Take a break from fantasizing about the purported price-performance ratio of Ryzen to gawp with us at Intel's new Xeon. Designated the Xeon E7-8894 v4, the new chip sports 24 hyper-threaded Broadwell cores that start at 2.4 GHz and can boost all the way up to 3.4 GHz. The chips are designed to drop into servers with up to eight sockets and 24 TB of memory per node, and they're specced for a 165W TDP.

Intel says the E7-8894 v4 is its fastest Xeon E7 processor ever. Specifically, Intel says the E7-8894 v4 is "3.69x faster than the previous generation," although Intel curiously uses the Westmere Xeon E7-8870 as its frame of reference. That was a ten-core processor running at up to 2.80 GHz, so given the core count and clock rate improvements alone we're more or less at 3.69x.
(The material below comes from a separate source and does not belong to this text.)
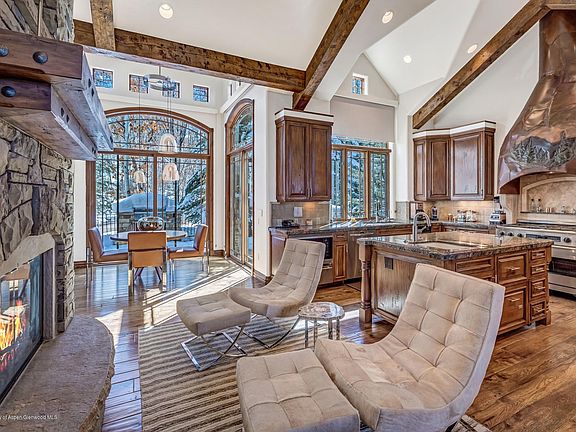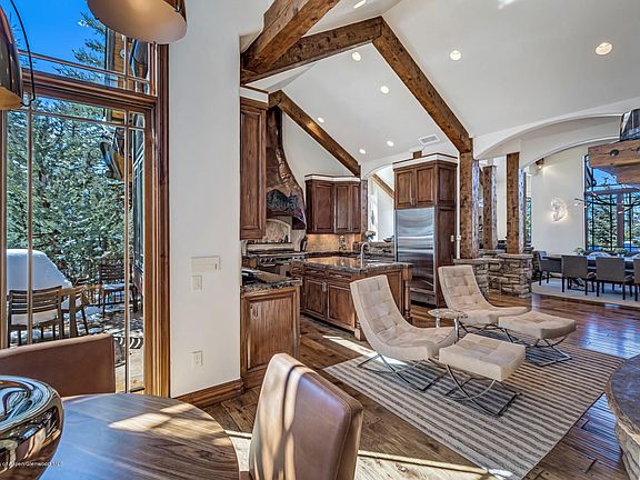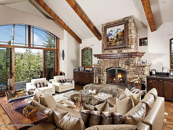 This newly updated/decorated home with air conditioning enjoys direct ski in/ski out access, with unsurpassed elegance and craftsmanship. Situated in a serene, private setting bordering open space with large aspen trees, this home captures exceptional mountain views of the Snowmass Ski Area and valley below. A true Jim Benson masterpiece, the estate features an 1870's original bar from Leadville, CO, a large gourmet kitchen, 5 bed, 5 & 2 half-baths, office, 9 fireplaces, expansive media room and wine cellar. This Luxury home is surrounded by expansive snow melt stone decks and patios with a stone surrounded spa and waterfall/pond feature for your outdoor entertainment. 2021-07-19

Further comparisons in the press release are made against the Xeon E7-8890 v3—a Haswell chip with 18 cores and the same 165W TDP as the new processor—which is a much more apt comparison. Against that competition, the new chip's wins are more in the 25-50% range. When we're talking about the kind of massive number-mulching that these chips are capable of, gains like those are still pretty impressive.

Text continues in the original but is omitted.